La presente direttiva impone che determinati piani e programmi che potrebbero avere effetti significativi sull'ambiente siano sottoposti a una valutazione ambientale. Tale valutazione permetterebbe di integrare le considerazioni ambientali nell'elaborazione e adozione di tali piani e programmi, contribuendo pertanto allo sviluppo sostenibile.

ATTO

Direttiva 2001/42/CE del Parlamento europeo e del Consiglio, del 27 giugno 2010, concernente la valutazione degli effetti di determinati piani e programmi sull'ambiente.

SINTESI

La presente direttiva (detta direttiva «ESIE» per la «valutazione strategica degli effetti sull'ambiente») è volta a completare la direttiva EIE (SK) (SL) (FI) (direttiva 85/337/CEE).

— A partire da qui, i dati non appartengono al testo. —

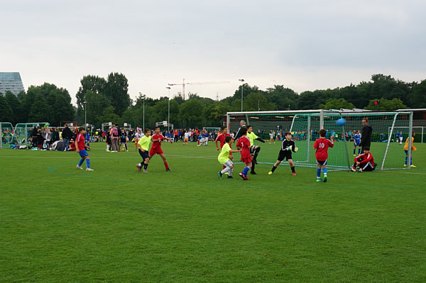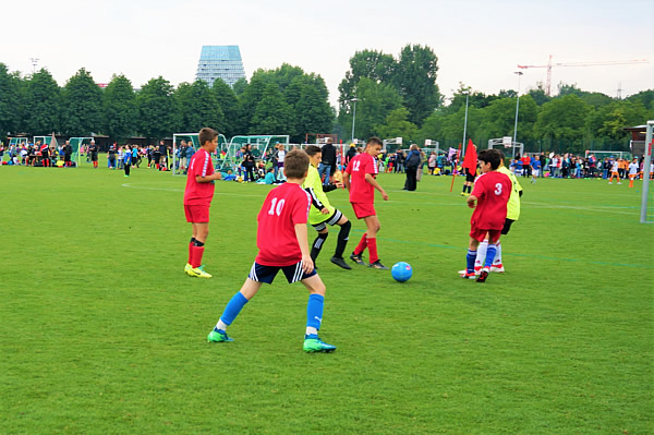 Das hat keine andere Mannschaft aus Spreitenbach geschafft, diese Jungs schon: eine Qualifikation zum Finale in Basel!Seit Jahren schon veranstaltet die Credit Suisse einen Schoolfootball-Cup, zu dem sich schweizweit Mannschaften von allen Schulen anmelden können. Als am 24. April das Qualifikationsspiel in Niederlenz anstand, war das eigentlich schon spannend genug! Lange war unklar, wie sich die Fünftklässler schlagen werden, eigentlich rechnete man schon damit, nach Hause zu fahren. Doch bis ins Finale haben sie durchgehalten und im Penalty noch den Tagessieg erkämpft! Nervenkitzel pur! Ab nach Basel! Am Mittwoch, 13. Juni, war es dann soweit, auch wenn die Lehrerin wohl einen flaueren Magen hatte als die Spieler. «Ach, natürlich haben wir damit gerechnet, ins Finale zu kommen», meint Konstantin lachend, und alle lachen mit ihm. «Die Quali isch ja au voll easy gsi!» Kichernd und scherzend verläuft die Zugfahrt ins ferne und grosse Basel. «Seid Ihr denn gar nicht nervös?» «Doch, doch», geben Davide und Enis zu. «Das ist ein wichtiges Spiel für die ganze Gruppe». «Und», fügt Arda noch hinzu, »das ist ja schliesslich auch das Finale. Ein ganz grosses Finale». Und die Fünftklässler sind dieses Jahr die einzige Mannschaft aus Spreitenbach, die sich für den Kanton Aargau fürs Finale qualifizieren konnte. Das zu hören, macht sie schon stolz, vor allem beim Anblick des riesigen Fussballareals rund ums St. Jakob-Stadion, mit tausenden von Spielern und vielen mitgereisten Fans. Über die Gruppenspiele der Fünftklässlerknaben hinaus reichte die Leistung letztlich dann leider doch nicht… zu gut waren die Gegner, zu wenig wollte das Teamspiel heute funktionieren. Lange Gesichter? Fehlanzeige! Man hat es doch so weit geschafft! Und ein Tag schulfrei ist es sowieso… Da wird einfach weiter geblödelt, gekickt und gelacht. Als Trophäe gab es vor der Heimfahrt T-Shirts des CS-Cups, damit sich die Jungs lange an «ihr Finale» erinnern können…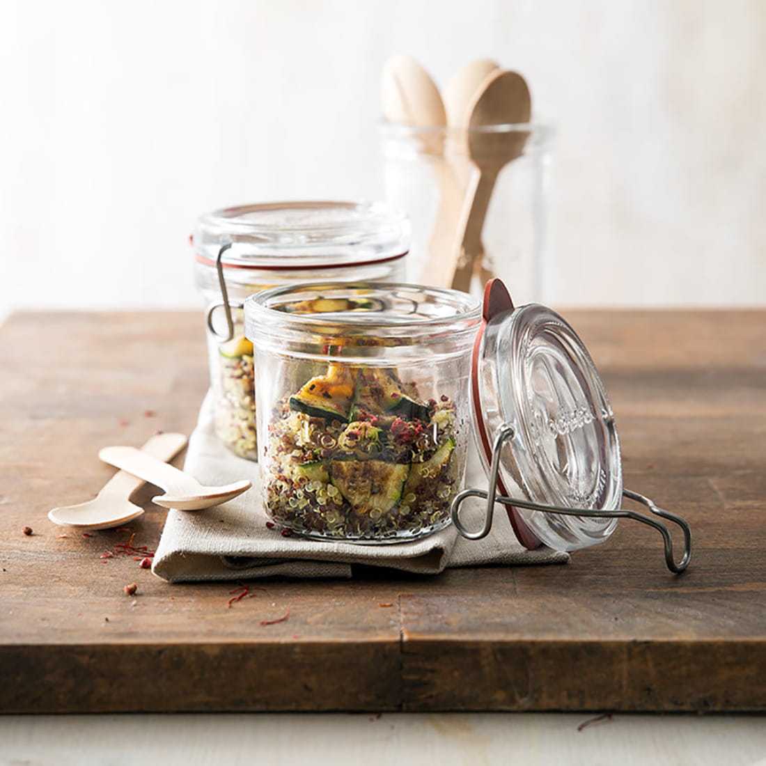 Słoik z linii LOCK EAT włoskiej marki Luigi Bormioli to bardzo praktyczna naczynie o unikalnych cechach konstrukcyjnych oraz specjalnym, opatentowanym wymiennym zatrzasku. Słoik można myć w zmywarce, zajmują mniej miejsca w kuchni oraz są bardzo łatwe w użytkowaniu dzięki możliwości całkowitego zdjęcia pokrywki. Dbając o ekologię całość została wykonana ze szkła: słoik jak i jego pokrywka, dzięki czemu elementy mogą być właściwie zutylizowane. Słoik z linii LOCK EAT posiada certyfikat gwarancji, który zapewnia o dopuszczeniu do kontaktu z żywnością, BPA-free - czyli braku związku chemicznego wykorzystywanego do produkcji wielu pojemników do żywności: Bisfenolu A. Kolekcja LOCK EAT została specjalnie zaprojektowana do konserwowania żywności za pomocą różnych technik, np. mrożenia, przechowywania w oleju, pasteryzacji.

I piani e programmi pubblici disciplinati dalla presente direttiva sono oggetto di una valutazione ambientale nel corso della loro elaborazione e prima della loro adozione. Tale valutazione include l’elaborazione di un rapporto ambientale (che indica gli effetti significativi probabili sull’ambiente e le possibili soluzioni sostitutive) nonché lo svolgimento di consultazioni (del pubblico, delle autorità responsabili per l'ambiente e degli altri Stati membri in caso di effetti transfrontalieri significativi). Del rapporto ambientale e dei risultati delle consultazioni sarà tenuto conto prima dell'adozione di un piano o programma. Quando viene adottato un piano o un programma, ne sono informati le autorità responsabili per l'ambiente, il pubblico e ogni Stato membro consultato, e le informazioni pertinenti sono messe a loro disposizione. Al fine di determinare al più presto possibile gli effetti negativi imprevisti, occorre stabilire un monitoraggio degli effetti significativi sull'ambiente dei piani e programmi.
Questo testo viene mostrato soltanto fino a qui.